Это было похоже на то, как я работала со сновидениями во время анализа: я выбирала образ и внимательно изучала его, и в то время, пока я его изучала,– он изменялся. А затем я изучала его еще внимательней и ждала, во что он превратится. Мэри научила меня замечать образы и телесные ощущения и двигаться, отталкиваясь от них. Ты ждешь, и что?то происходит, ты следуешь за этим, и затем оказываешься в ином внутреннем ландшафте, взаимодействуя с тем, кто или что возникает.

Она начинала свои занятия с партерной разминки в технике танца модерн, т.е. мы сидели на полу и делали ряд разогревающих упражнений. Но при разминках она уделяла деталям гораздо больше внимания, чем мои прежние наставники. Она хотела, чтобы ученики чувствовали качество движения и особенно внимательно относились к переходам. Например, если мы поднимали руки над головой, разъединяя и раскрывая их, она разбивала движение на мельчайшие детали, которые возникали в ту долю секунды, когда руки достигали высшей точки и начинали раскрываться. Мы останавливались на этом мгновении и работали с ним снова и снова. Желая наделить тело сознанием, она просила учеников вслушиваться в то, как движение ощущается изнутри.

Мэри часто предлагала прорабатывать в движении определенные темы. Например, можно ли использовать движения, чтобы выявить взаимоотношения между парами противоположностей, таких, как: открытое и закрытое, верх и низ, узкое и широкое, левое и правое, толкать и тянуть? В какой бы позиции я ни начинала работу: стоя, сидя или лежа на полу,– каждый раз я переживала удивительный опыт, когда мое тело раскрывалось настолько, насколько хотело, а затем наступало ощущение того мгновения, когда раскрытие подходило к концу и неизбежно превращалось в свою противоположность. Затем, когда я продолжала закрываться, приходил момент, когда закрытие завершалось и начинался повторный цикл. Такая длительная глубинная работа с любой парой противоположностей приводила танцора к переживанию мощного, полностью материализованного ощущения полярности и динамической взаимосвязи противоположностей. На занятиях Мэри редко говорила о Дао, но она знала, что тело, равно как и душа, формируется благодаря напряжению многих противоположностей. Любое сознательное действие человека требует работы, по крайней мере, двух мышц: сгибающей и разгибающей. Каждая ось тела организована посредством противоположностей: трехмерное существо живет одновременно в вертикальной (вверх – вниз), латеральной (влево – вправо) и сагиттальной (вперед – назад) осях. Если мы будем осознанно вслушиваться в простейшие движения тела, мы ощутим взаимосвязь и взаимозависимость противоположностей.

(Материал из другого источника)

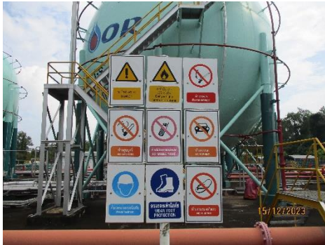
ภาพที่ 2-17 การติดป้ายเตือนสวมใส่อุปกรณ์ป้องกัน อันตรายส่วนบุคคลบริเวณคลังก๊าซธรรมชาติ
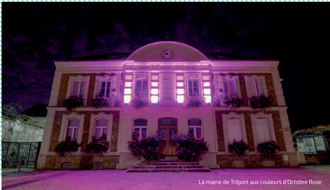
La mairie de Trilport aux couleurs d'Octobre Rose
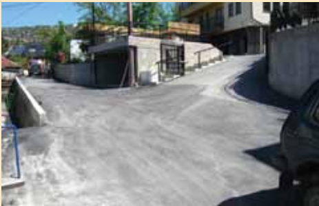
Novi asfalt za Ulicu Braće Eskenazi

Početkom maja Općina Stari Grad je finansirala sanaciju Ulice Braće Eskenazi, koja se nalazi na području Mjesne zajednice Logavina. Sanirana je kompletna ulica sa izrađenim asfaltnim kolovozom, te djelimično postavljajući betonski ivičnjaci. Realizaciju projekta u iznosu od 45.933,03 KM finansirala je Općina, a radove je izvodilo KJKP „Rad“.
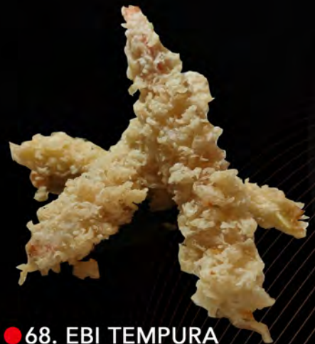
● 68. EBI TEMPURA € 10,00 gamberi shrimp allergeni: 1,2
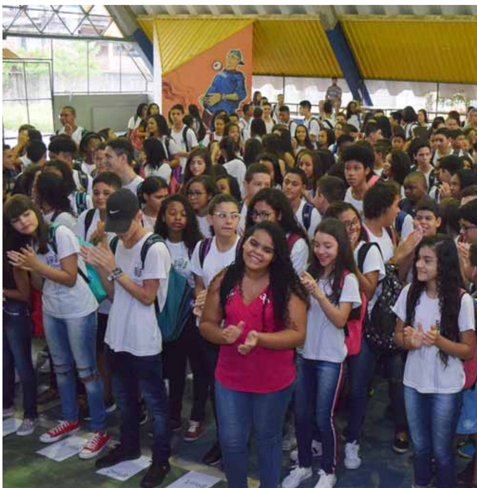
Na escola Galdino Teodoro da Silva, no bairro Jardim Itapemirim, a manhã foi de festa

Os números serão divididos nas seguintes modalidades: Arte circense, Performance de hip hop com grafite, Apresentações musicais infantis – interativas com bandas, Performance lúdica – bonecos de fantoches,
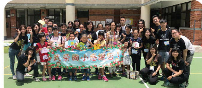
▲兩校師生在操場大合照。
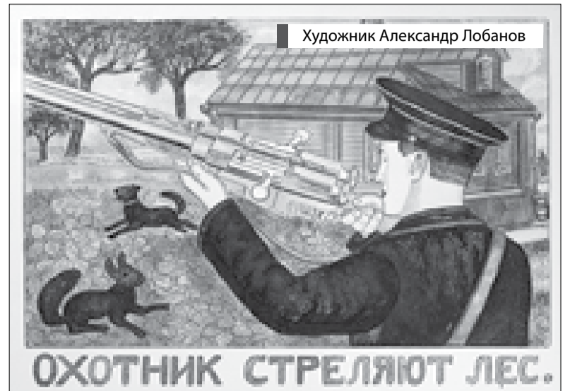
Художник Александр Лобанов
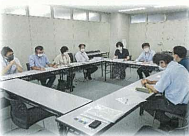
富士宮市農業委員会
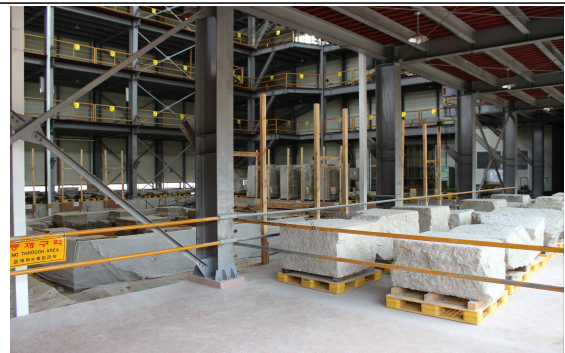
미륵사지 석탑 복구 과정
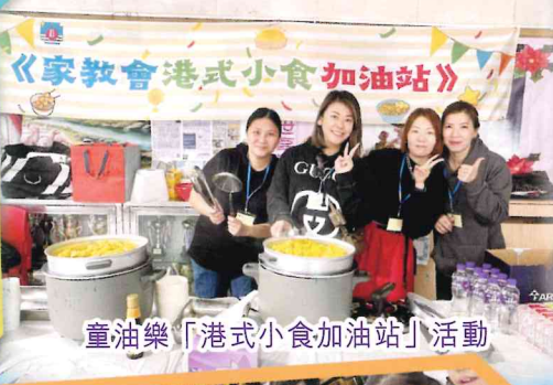
童油樂「港式小食加油站」活動
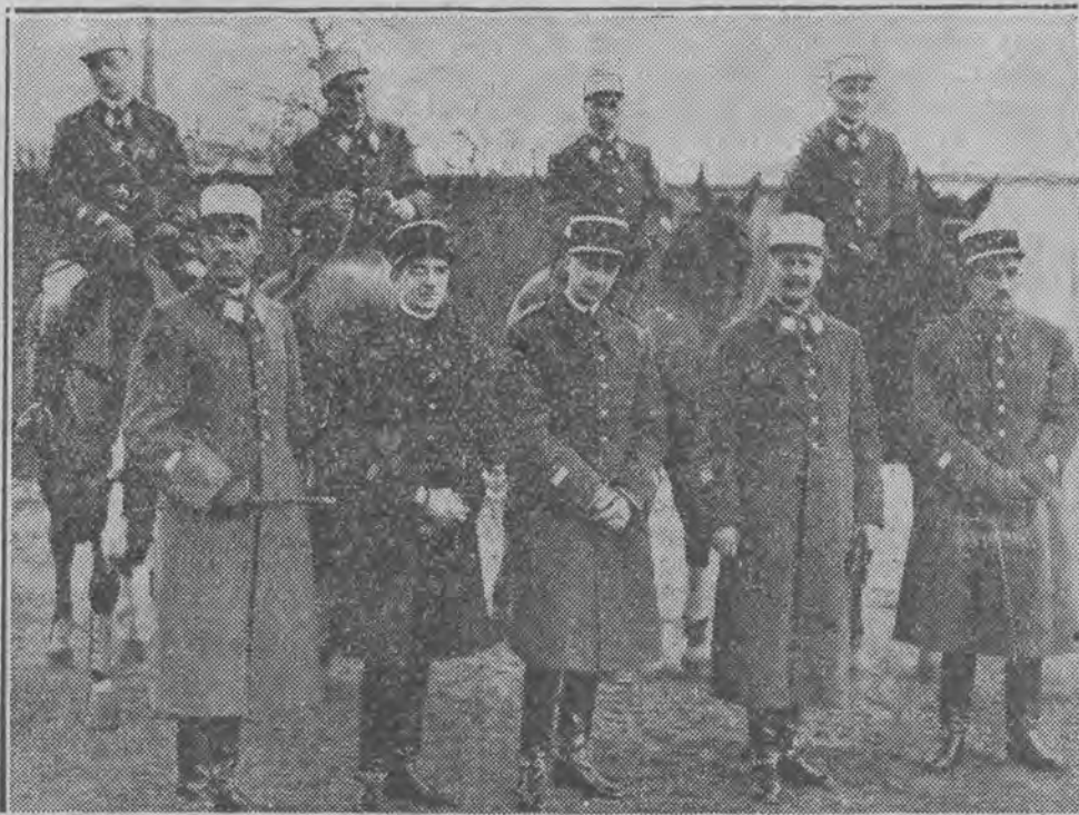
po raz pierwszy od czasu wojny wzięli udział w zawodach hipicznych w Niemczech.
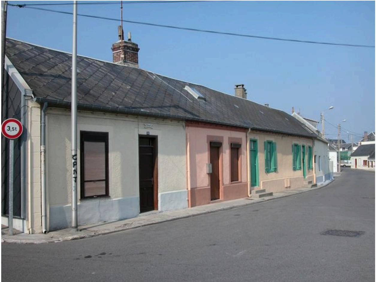
Ensemble de maisons anciennes (49 à 55 rue Parmentier).
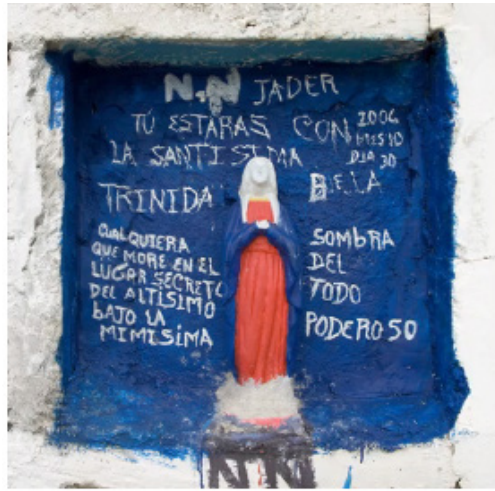
Figura 3A. Fragmento del montaje lenticular, screenshot 1.
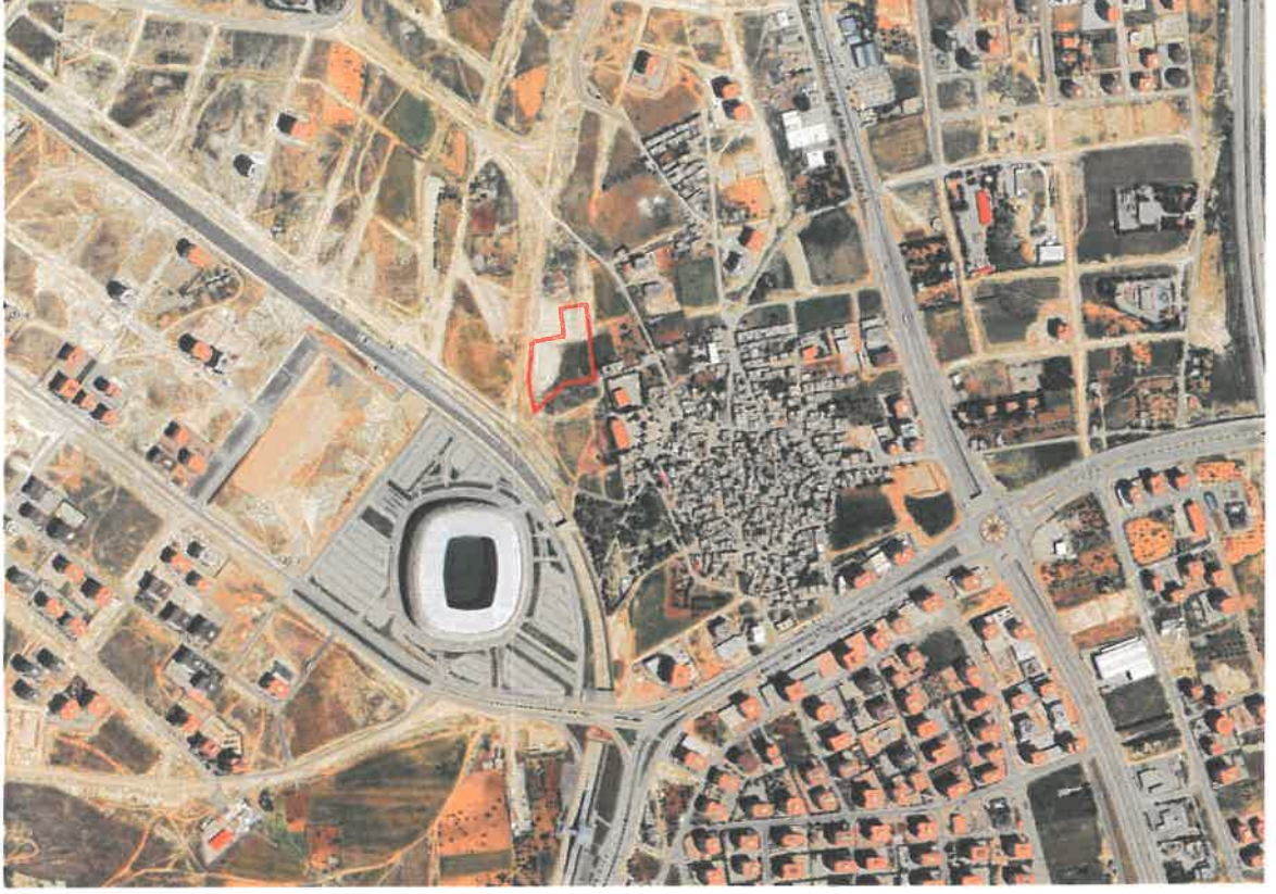
Şekil 1: Planlama Alanının Konumu

Planlama alanı Şehitkâmil İlçesi, Beylerbeyi Mahallesi sınırları içerisinde Kalyon Stadyumunun kuzeydoğusunda ve Gaziantep-Adıyaman yolunun batısında yer almaktadır.
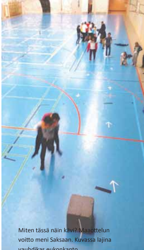
Miten tässä näin kävi? Maaottelun voitto meni Saksaan. Kuvassa lajina vauhdikas eukonkanto.

Projektin aikana me suomalaiset opimme paljon eri maiden luonnonmaisemista, luonnonsuojelusta ja ennen kaikkea kulttuurieroista. Pääsimme myös hioamaan saksankielen taitojamme ja viettämään aikaa ulkomaalaisten kanssa, mikä oli opettavaista. Solmimme uusia ystävyys-suhteita – jotkut syvempiä kuin toiset. Suosittelemme vastaavia projekteja kaikille, sillä antoisaa projektissa oli yhdessä tekeminen, kansainvälinen ilmapiiri ja kulttuurielämykset.
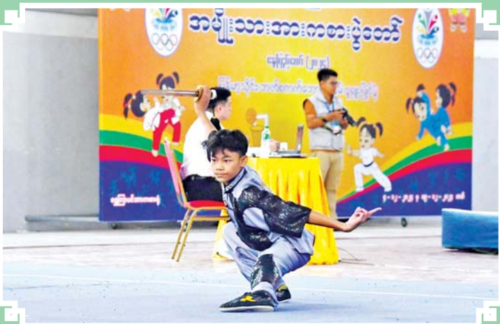
ပြည်နယ်နှင့် တိုင်းဒေသကြီး အမျိုးသား ဂူရှူး-ထောက်လှပြိုင်ပွဲတွင် ပြိုင်ပွဲဝင် တစ်ဦး ယှဉ်ပြိုင်နေမှုကို တွေ့ရစဉ်။
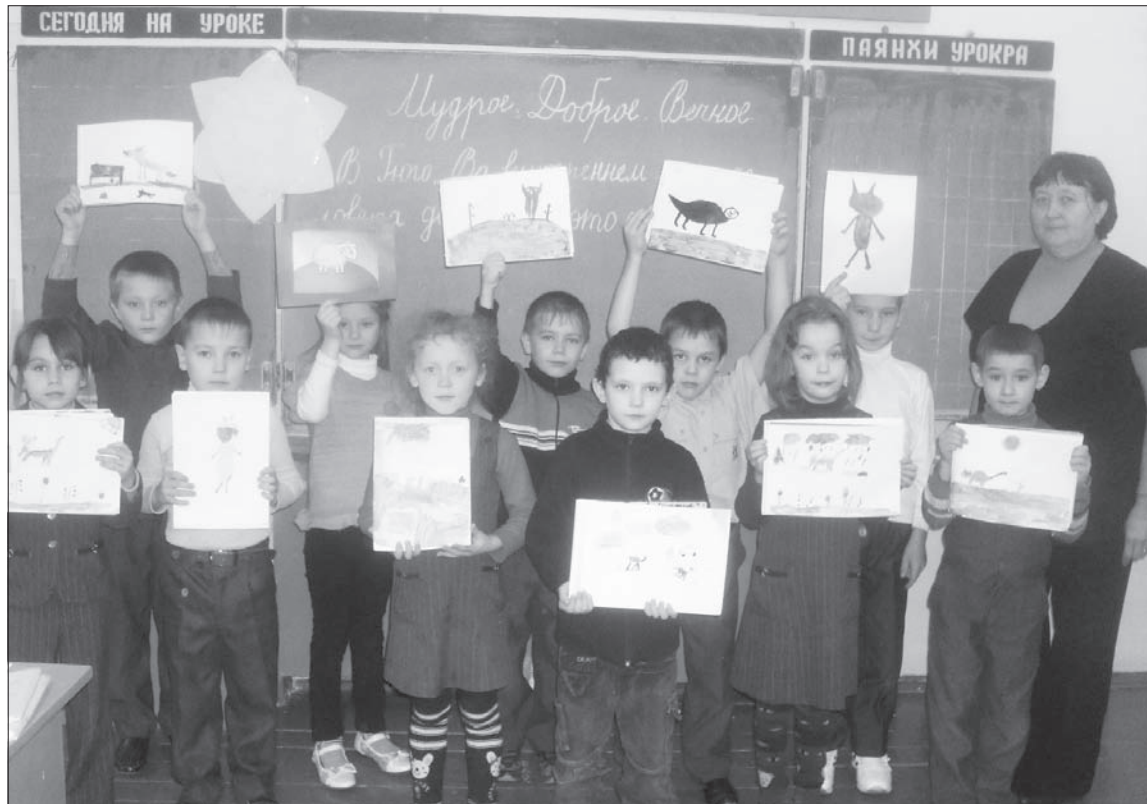
После учебы дружно отдыхаем.

тоже остается: путешествие и прогулки в лес позволяют восстановить силы для постижения новых знаний.

Другие темы, которые она предлагала, были связаны с образами природы, замечать которые меня научили малыши из детского сада. Например, она просила нас импровизировать на тему прорастания зерна:

«Я стала зерном, лежащим в темноте, окруженным влажной землей. Мое тело сжалось: колени прижаты к груди, руки обвиты вокруг моего тела. Я встала на колени, лицом к земле, спиной к небу. В минуты ожидания центр моей спины стал своего рода фокусной точкой. Середина спины словно поднимается к свету, слегка вздрагивая и покачиваясь, поднимаясь все выше. Часть меня хотела продолжать расти, чтобы в конце концов встать. Но оказалось, что это трудно, словно «око» в центре моей спины хотело все время «смотреть» в небо. Я провела долгое время с этим напряжением в ожидании. Затем непреднамеренно и незапланированно моя голова скользнула вниз, и одна из моих ног выпрямилась. Пружиня на одном колене, я оказалась в перевернутом арабеске. Центр спины находился на диагонали по отношению к небу. Скачок, словно всплеск уверенности, с легкостью поставил меня на ноги. Эта работа постоянно удивляет».

    (Chodorow, б/г)

Она также предлагала темы, соответствующие конкретным потребностям человека. Здесь она описывает мощный переход, совершенный на индивидуальной сессии.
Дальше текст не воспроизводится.